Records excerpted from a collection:

___

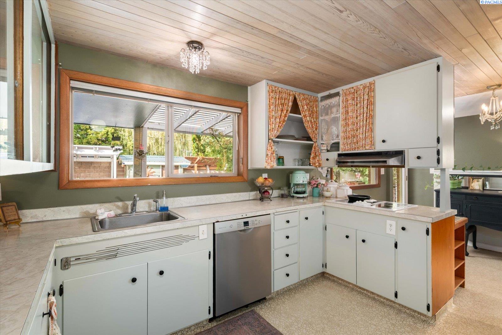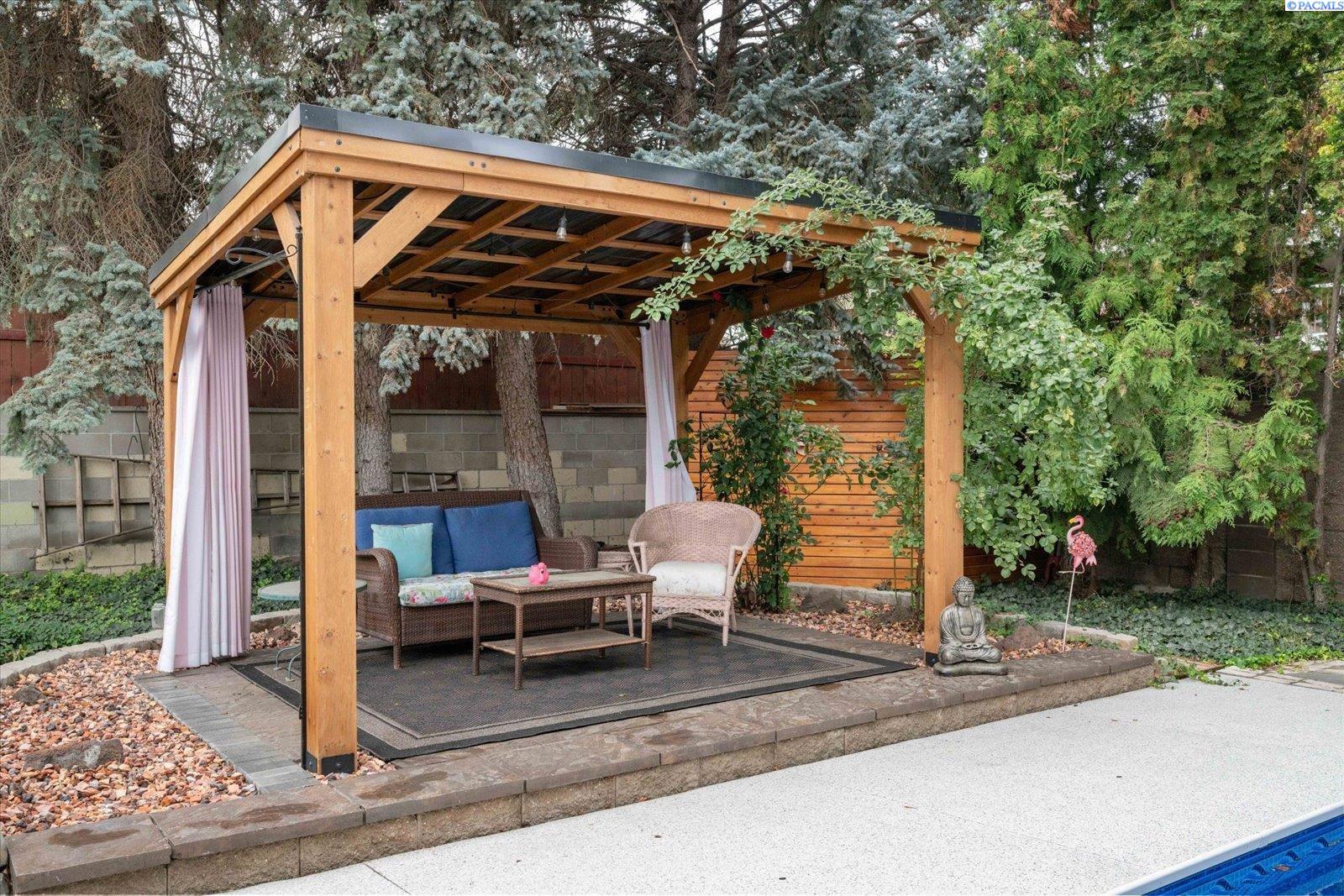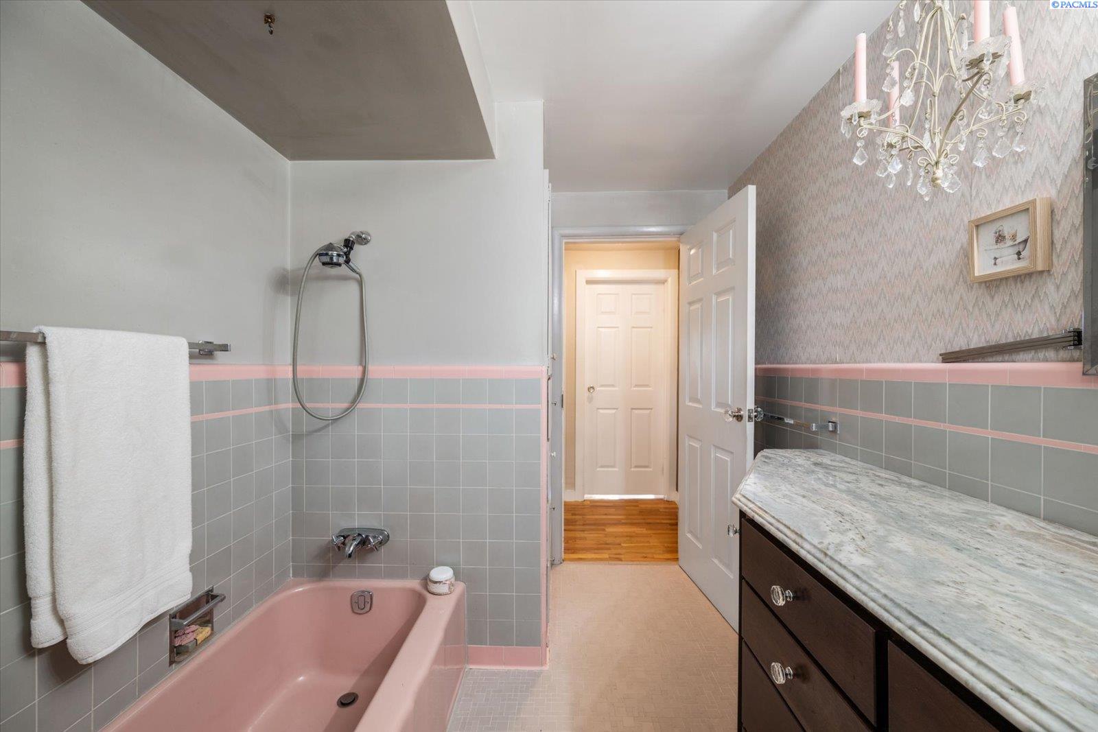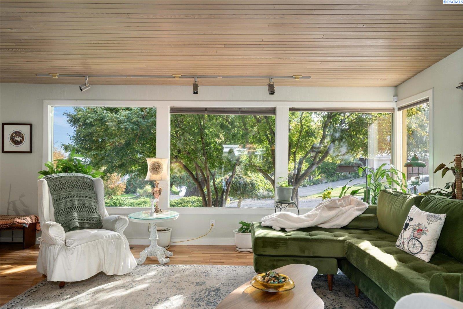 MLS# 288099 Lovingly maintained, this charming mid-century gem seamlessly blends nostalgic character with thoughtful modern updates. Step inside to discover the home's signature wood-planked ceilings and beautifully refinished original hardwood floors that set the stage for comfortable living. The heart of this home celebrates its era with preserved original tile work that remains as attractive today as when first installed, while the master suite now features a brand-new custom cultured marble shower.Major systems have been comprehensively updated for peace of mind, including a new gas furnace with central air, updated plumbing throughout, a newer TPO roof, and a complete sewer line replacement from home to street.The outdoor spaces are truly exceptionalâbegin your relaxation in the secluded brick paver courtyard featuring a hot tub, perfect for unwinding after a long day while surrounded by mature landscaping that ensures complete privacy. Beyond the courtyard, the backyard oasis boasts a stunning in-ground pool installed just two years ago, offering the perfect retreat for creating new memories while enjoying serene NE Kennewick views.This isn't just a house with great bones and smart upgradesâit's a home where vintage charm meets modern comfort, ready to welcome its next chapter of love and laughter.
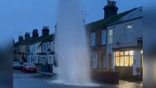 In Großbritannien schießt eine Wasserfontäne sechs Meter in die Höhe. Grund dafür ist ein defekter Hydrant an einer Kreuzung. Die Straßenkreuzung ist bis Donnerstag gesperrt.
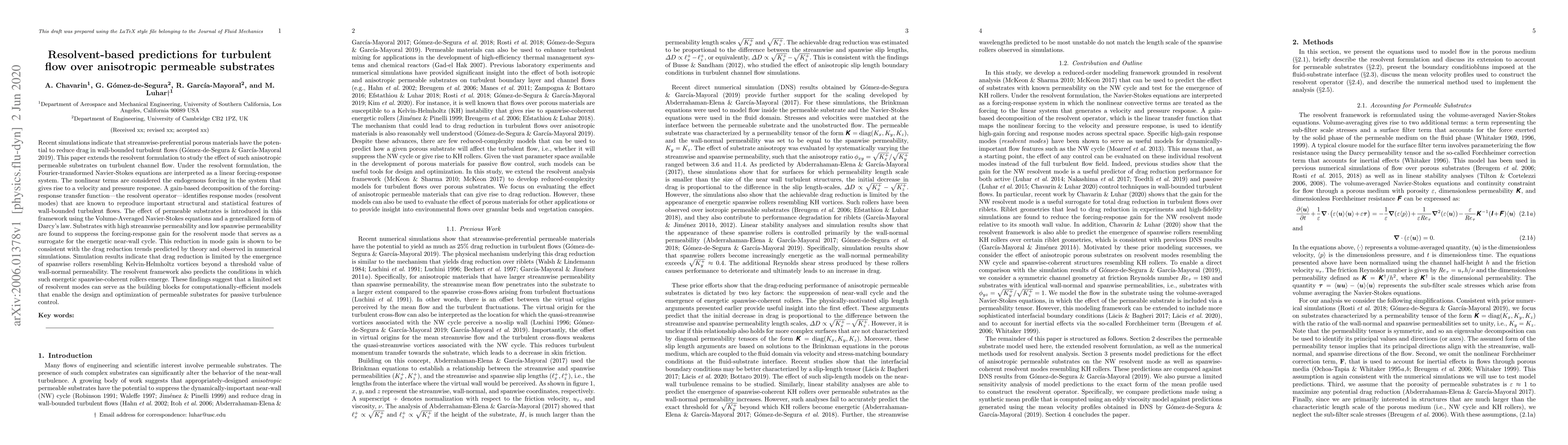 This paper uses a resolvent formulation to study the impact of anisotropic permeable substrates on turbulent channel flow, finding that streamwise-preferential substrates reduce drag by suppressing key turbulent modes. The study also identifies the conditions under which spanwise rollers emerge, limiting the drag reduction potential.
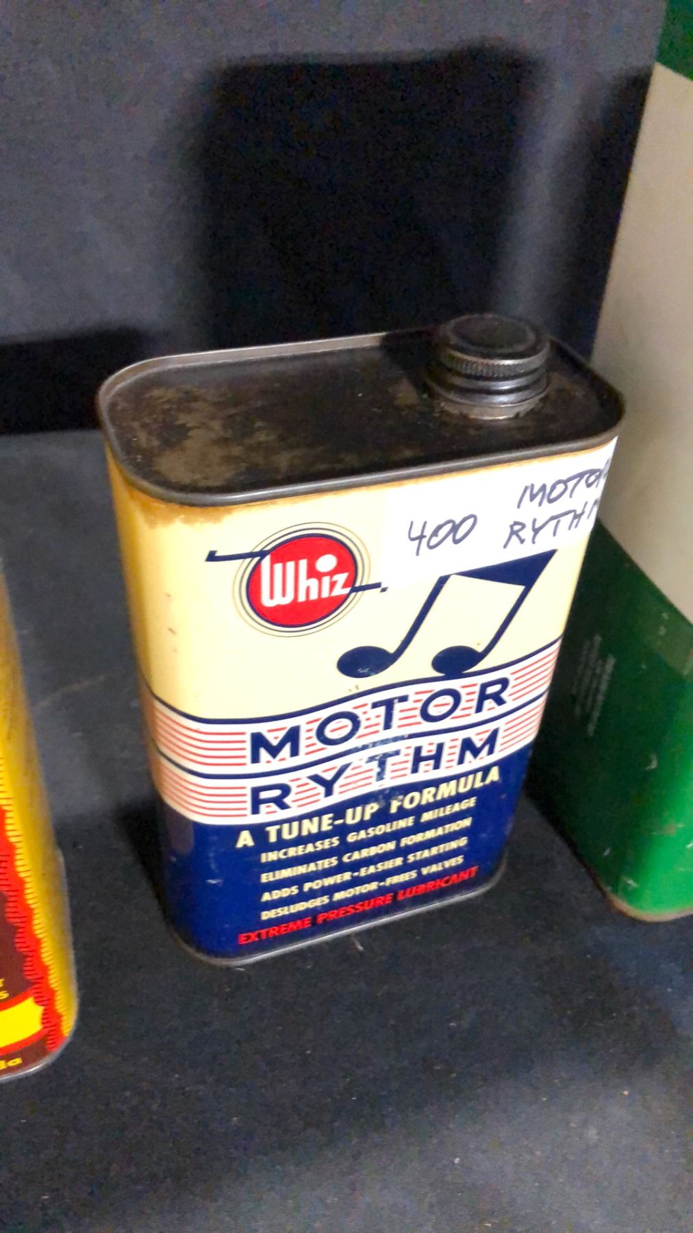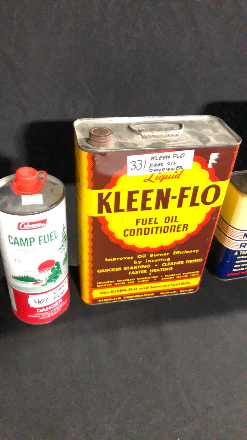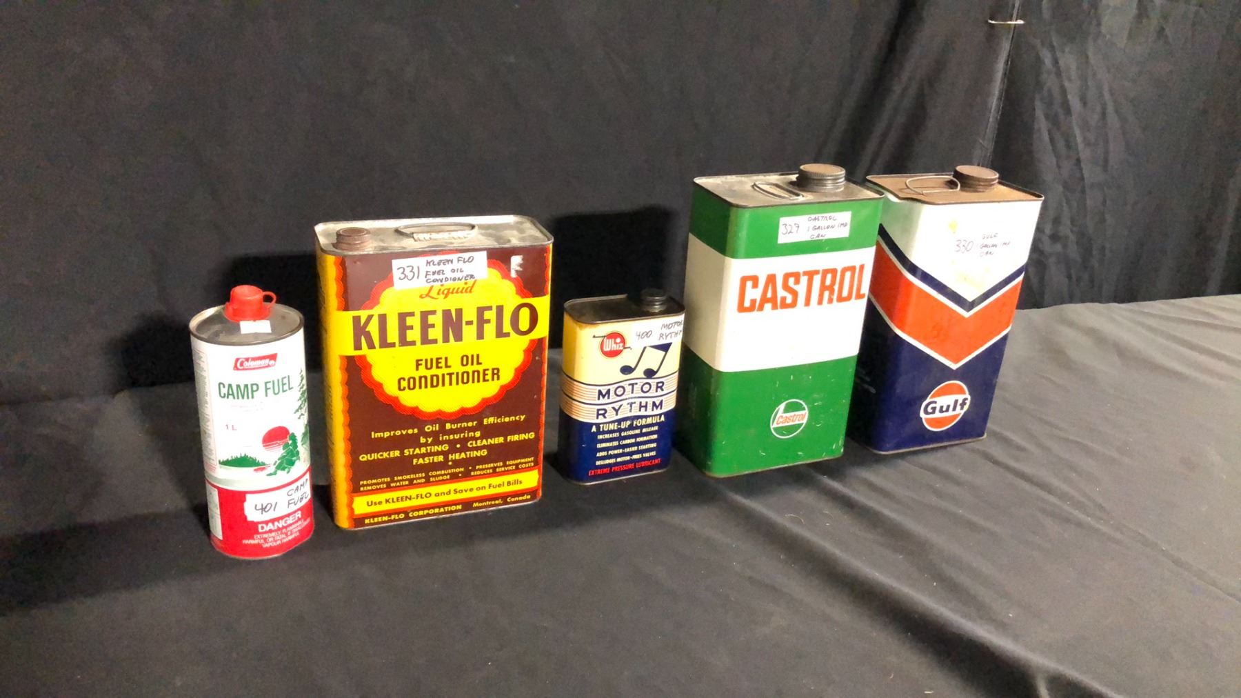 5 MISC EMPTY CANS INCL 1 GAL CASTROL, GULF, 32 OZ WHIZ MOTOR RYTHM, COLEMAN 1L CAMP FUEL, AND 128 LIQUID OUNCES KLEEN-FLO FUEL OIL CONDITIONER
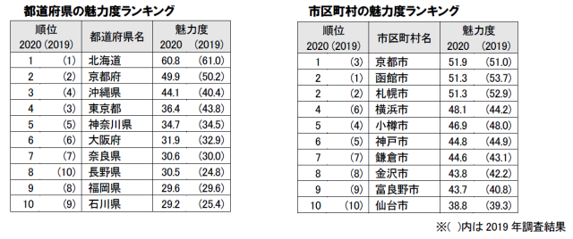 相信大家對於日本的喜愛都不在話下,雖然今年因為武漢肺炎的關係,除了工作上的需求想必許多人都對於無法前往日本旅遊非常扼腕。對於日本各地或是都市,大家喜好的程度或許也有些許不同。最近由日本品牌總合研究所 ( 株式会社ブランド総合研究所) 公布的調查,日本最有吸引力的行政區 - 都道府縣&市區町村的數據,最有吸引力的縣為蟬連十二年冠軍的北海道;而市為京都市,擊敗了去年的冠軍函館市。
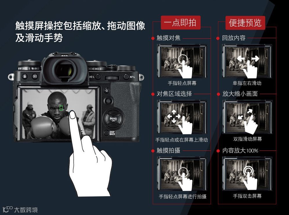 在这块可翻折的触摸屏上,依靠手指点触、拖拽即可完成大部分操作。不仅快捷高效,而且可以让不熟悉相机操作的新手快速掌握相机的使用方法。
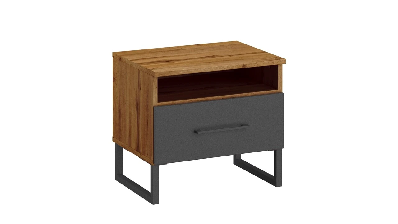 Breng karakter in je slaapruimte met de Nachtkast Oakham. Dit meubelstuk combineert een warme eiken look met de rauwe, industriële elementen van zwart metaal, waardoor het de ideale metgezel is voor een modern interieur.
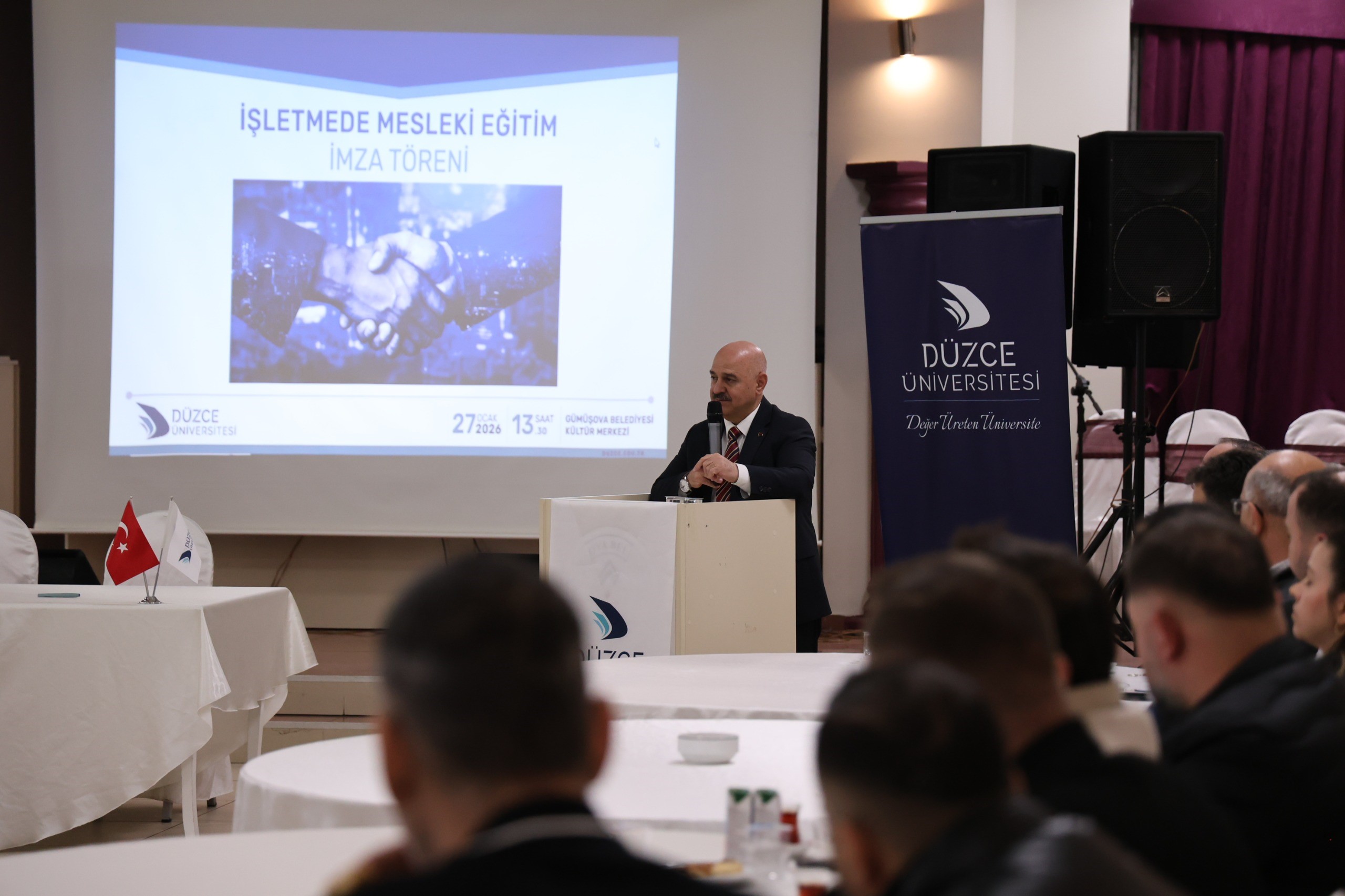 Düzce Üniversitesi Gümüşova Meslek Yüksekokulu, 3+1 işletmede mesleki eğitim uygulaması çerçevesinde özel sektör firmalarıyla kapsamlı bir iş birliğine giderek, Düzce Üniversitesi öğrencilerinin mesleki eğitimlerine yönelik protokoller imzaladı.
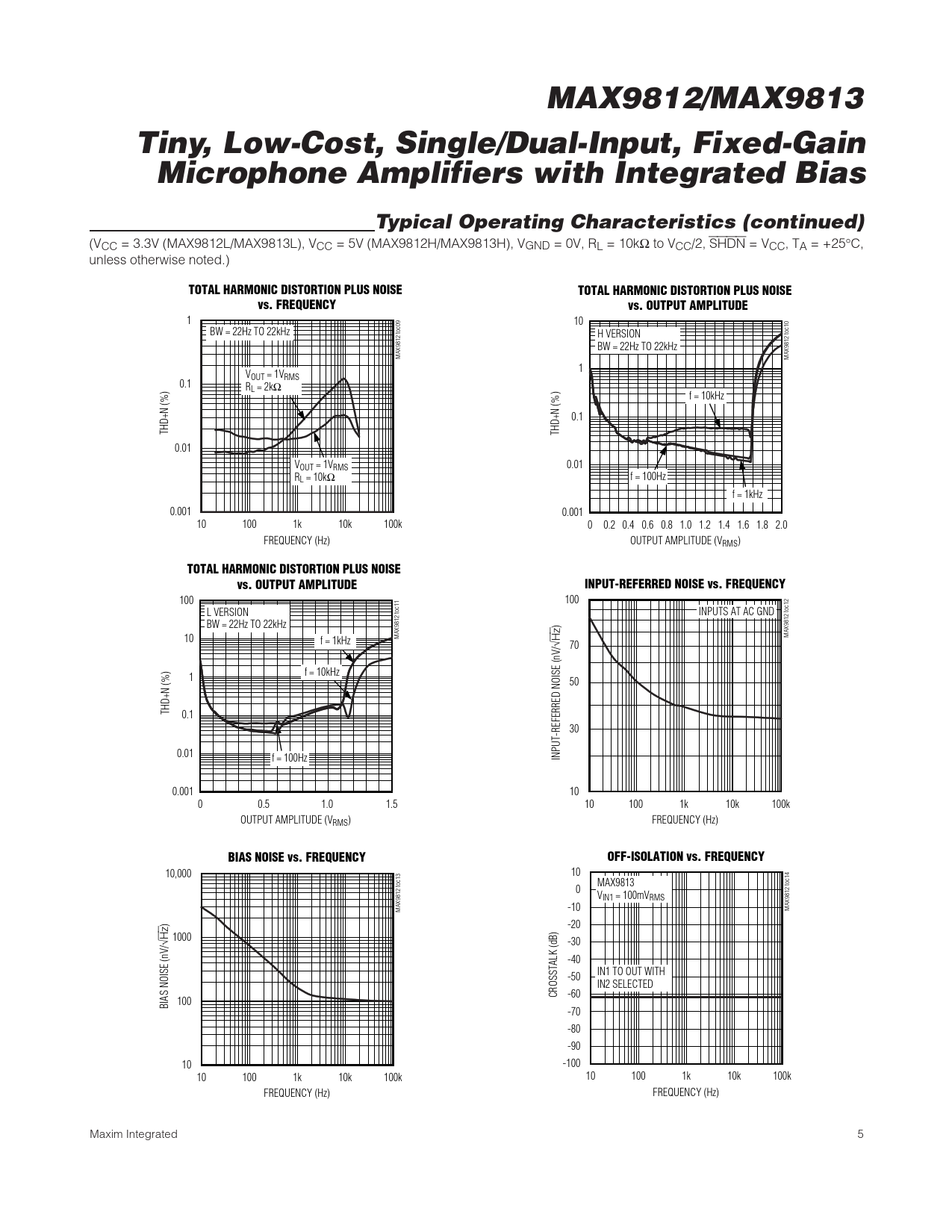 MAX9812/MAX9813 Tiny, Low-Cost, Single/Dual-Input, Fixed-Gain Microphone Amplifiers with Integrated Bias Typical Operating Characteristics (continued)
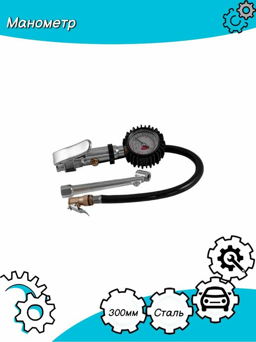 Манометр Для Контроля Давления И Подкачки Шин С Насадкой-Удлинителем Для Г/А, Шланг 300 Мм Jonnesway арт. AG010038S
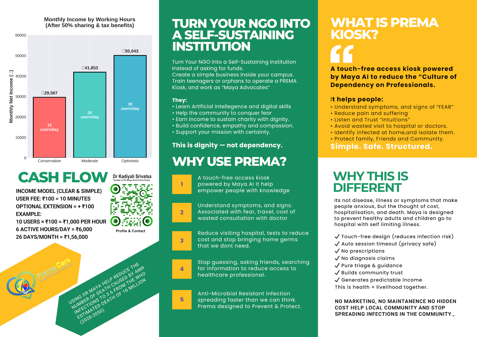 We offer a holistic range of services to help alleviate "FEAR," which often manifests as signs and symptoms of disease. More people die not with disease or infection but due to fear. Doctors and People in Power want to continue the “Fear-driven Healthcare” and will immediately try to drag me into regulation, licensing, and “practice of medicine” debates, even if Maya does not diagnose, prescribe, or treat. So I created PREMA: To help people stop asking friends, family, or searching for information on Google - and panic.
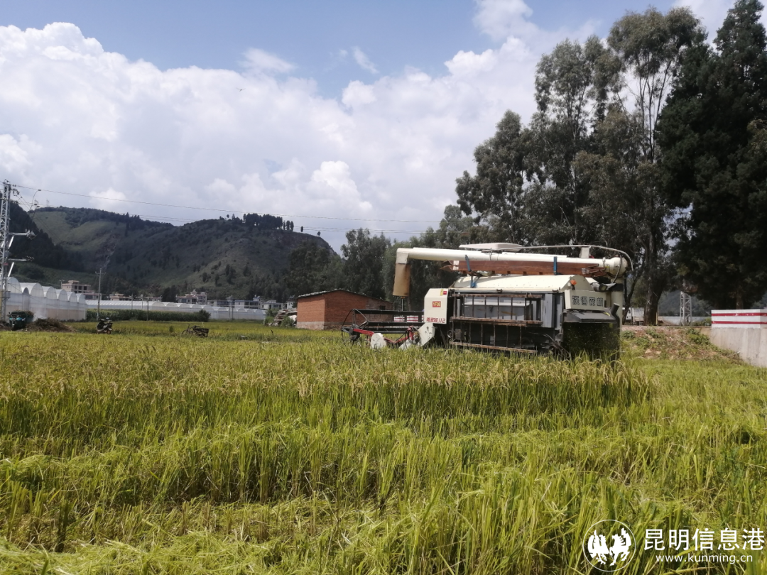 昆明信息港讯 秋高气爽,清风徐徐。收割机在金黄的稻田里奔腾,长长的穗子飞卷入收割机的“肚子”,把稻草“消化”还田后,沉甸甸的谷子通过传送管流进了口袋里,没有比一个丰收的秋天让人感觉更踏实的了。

___

Copy every line of the data word for word, omitting the images.

 MLS# 288099 Lovingly maintained, this charming mid-century gem seamlessly blends nostalgic character with thoughtful modern updates. Step inside to discover the home's signature wood-planked ceilings and beautifully refinished original hardwood floors that set the stage for comfortable living. The heart of this home celebrates its era with preserved original tile work that remains as attractive today as when first installed, while the master suite now features a brand-new custom cultured marble shower.Major systems have been comprehensively updated for peace of mind, including a new gas furnace with central air, updated plumbing throughout, a newer TPO roof, and a complete sewer line replacement from home to street.The outdoor spaces are truly exceptionalâbegin your relaxation in the secluded brick paver courtyard featuring a hot tub, perfect for unwinding after a long day while surrounded by mature landscaping that ensures complete privacy. Beyond the courtyard, the backyard oasis boasts a stunning in-ground pool installed just two years ago, offering the perfect retreat for creating new memories while enjoying serene NE Kennewick views.This isn't just a house with great bones and smart upgradesâit's a home where vintage charm meets modern comfort, ready to welcome its next chapter of love and laughter.
 In Großbritannien schießt eine Wasserfontäne sechs Meter in die Höhe. Grund dafür ist ein defekter Hydrant an einer Kreuzung. Die Straßenkreuzung ist bis Donnerstag gesperrt.
 This paper uses a resolvent formulation to study the impact of anisotropic permeable substrates on turbulent channel flow, finding that streamwise-preferential substrates reduce drag by suppressing key turbulent modes. The study also identifies the conditions under which spanwise rollers emerge, limiting the drag reduction potential.
 5 MISC EMPTY CANS INCL 1 GAL CASTROL, GULF, 32 OZ WHIZ MOTOR RYTHM, COLEMAN 1L CAMP FUEL, AND 128 LIQUID OUNCES KLEEN-FLO FUEL OIL CONDITIONER
 相信大家對於日本的喜愛都不在話下,雖然今年因為武漢肺炎的關係,除了工作上的需求想必許多人都對於無法前往日本旅遊非常扼腕。對於日本各地或是都市,大家喜好的程度或許也有些許不同。最近由日本品牌總合研究所 ( 株式会社ブランド総合研究所) 公布的調查,日本最有吸引力的行政區 - 都道府縣&市區町村的數據,最有吸引力的縣為蟬連十二年冠軍的北海道;而市為京都市,擊敗了去年的冠軍函館市。
 在这块可翻折的触摸屏上,依靠手指点触、拖拽即可完成大部分操作。不仅快捷高效,而且可以让不熟悉相机操作的新手快速掌握相机的使用方法。
 Breng karakter in je slaapruimte met de Nachtkast Oakham. Dit meubelstuk combineert een warme eiken look met de rauwe, industriële elementen van zwart metaal, waardoor het de ideale metgezel is voor een modern interieur.
 Düzce Üniversitesi Gümüşova Meslek Yüksekokulu, 3+1 işletmede mesleki eğitim uygulaması çerçevesinde özel sektör firmalarıyla kapsamlı bir iş birliğine giderek, Düzce Üniversitesi öğrencilerinin mesleki eğitimlerine yönelik protokoller imzaladı.
 MAX9812/MAX9813 Tiny, Low-Cost, Single/Dual-Input, Fixed-Gain Microphone Amplifiers with Integrated Bias Typical Operating Characteristics (continued)
 Манометр Для Контроля Давления И Подкачки Шин С Насадкой-Удлинителем Для Г/А, Шланг 300 Мм Jonnesway арт. AG010038S
 We offer a holistic range of services to help alleviate "FEAR," which often manifests as signs and symptoms of disease. More people die not with disease or infection but due to fear. Doctors and People in Power want to continue the “Fear-driven Healthcare” and will immediately try to drag me into regulation, licensing, and “practice of medicine” debates, even if Maya does not diagnose, prescribe, or treat. So I created PREMA: To help people stop asking friends, family, or searching for information on Google - and panic.
 昆明信息港讯 秋高气爽,清风徐徐。收割机在金黄的稻田里奔腾,长长的穗子飞卷入收割机的“肚子”,把稻草“消化”还田后,沉甸甸的谷子通过传送管流进了口袋里,没有比一个丰收的秋天让人感觉更踏实的了。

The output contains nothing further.